Accueil Politique & Société Condamné pour harcèlement sexuel, Trompille non exclu de LREM. Indignations.

Condamné pour harcèlement sexuel, Trompille non exclu de LREM. Indignations.

par Camille Saint-Cricq

Le député a été condamné aux Prud’hommes pour harcèlement sexuel et licenciement abusif d’une ex-collaboratrice. Il a simplement dû se « mettre en retrait » ce qui suscite la colère des féministes. 

Stéphane Trompille, Gilles Legendre – Wikimedia commons

Stéphane Trompille, député de la quatrième circonscription de l’Ain, a été condamné par le conseil de Prud’hommes de Bourg-en-Bresse pour harcèlement sexuel et licenciement abusif à l’encontre d’une ancienne collaboratrice parlementaire par un jugement rendu le 20 mai. L’élu a fait appel de la décision et une enquête pénale, déclenchée à son initiative pour faux témoignage est en cours car il conteste l’authenticité d’une pièce du dossier. Le Conseil de prud’hommes avait jugé que « sous couvert de plaisanteries de mauvais goût et sexistes », Stéphane Trompille avait adopté « un comportement attentatoire à la santé » de sa collaboratrice de 32 ans.

Cette condamnation suffit-elle à l’exclure du parti politique créé par le président de la République en ce quinquennat qui a fait de l’égalité femmes-hommes une grande cause nationale ? Gilles Le Gendre, président du groupe la République en marche (LREM) à l’Assemblée nationale a indiqué mardi 26 mai, lors d’un point presse, qu’il n’avait pas l’intention d’exclure le député « tant qu’une condamnation définitive n’est pas intervenue ». Cependant, « j’ai demandé à Stéphane Trompille de se mettre en retrait du groupe tant que les choses ne sont pas clarifiées et que la procédure judiciaire n’est pas allée à son terme. » a-t-il indiqué.

Une -faible- sanction qui a suscité la réprobation y compris dans les rangs de LREM. Du côté de l’opposition, Laurence Rossignol, sénatrice PS et ex-ministre en charge des Droits des femmes n’a pas hésité à taper fort : « Quand des ministres sont mis en cause dans des affaires de violences sexuelles, ils restent au gouvernement car il n’y a pas eu condamnation.

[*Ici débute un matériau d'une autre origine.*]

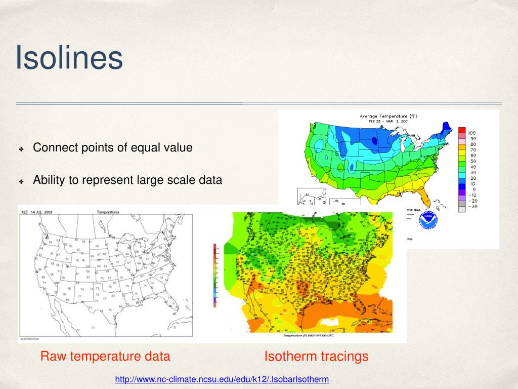 Isolines • Connect points of equal value • Ability to represent large scale data Raw temperature data Isotherm tracings http://www.nc-climate.ncsu.edu/edu/k12/.IsobarIsotherm

Quand un député est condamné, il reste au groupe #LREM car il fait appel ! Toujours une bonne raison pour préférer les copains aux victimes. »  a-t-elle écrit dans un tweet. Et le député EELV Sergio Coronaro a souligné, pour sa part, le « deux poids deux mesures » du parti présidentiel : « Il vaut mieux être mis en examen ou condamné pour harcèlement sexuel plutôt que voter contre le budget à @LaREM_AN ! Dans le dernier cas, on est exclu. #Trompille #republiqueexemplaire »

Dans les rangs de LREM les oppositions franches à la décision de Gilles Legendre sont rares. Un tweet de la Secrétaire d’Etat à l’Egalité entre femmes et hommes a agacé certain.e.s de ses ami.e.s., le mot « définitivement » laissant penser qu’elle est favorable à la décision de Legendre. Elle a écrit : « Réaffirmons un principe: la protection des femmes fait partie de l’ADN de @enmarchefr aussi toute personne condamnée définitivement pour harcèlement sexuel ne peut, à mon sens, pas se revendiquer du mouvement. #NeRienLaisserPasser ». Les internautes, parfois membres de LREM, rappellent la lenteur des décisions de justice et les complexités de procédure qui rendent parfois la justice impossible.

Mais c’est la députée LREM Laurence Vanceunebrock, qui a appelé à l’exclusion avec le plus de fermeté : «  J’affirme que, la justice ayant établi la culpabilité de @S_Trompille, notre groupe @LaREM_AN ne doit plus trembler et l’exclure de nos rangs. Ne laissons aucune place au harcelement sexuel, et respectons la douleur des victimes. » Une position qu’elle a rappelée ce mercredi matin sur FranceInfo.  Pour elle, il s’agit de défendre les droits des femmes et de préserver l’image d’un parti qui «se veut bienveillant et progressiste».

Elle est a priori la seule députée LREM a avoir signé le communiqué du collectif « Chair collaboratrice », qui lutte contre les violences sexistes et sexuelles en politique. Cosigné par 40 députés – parmi lesquels Paula Forteza et Matthieu Orphelin, les deux têtes de file du nouveau groupe Ecologie, Démocratie, Solidarité (EDS) – le texte demande au président de l’Assemblée nationale Richard Ferrand, des sanctions disciplinaires contre Stéphane Trompille et invite les groupes politiques « à prendre leurs responsabilités », à la suite de cette décision de justice.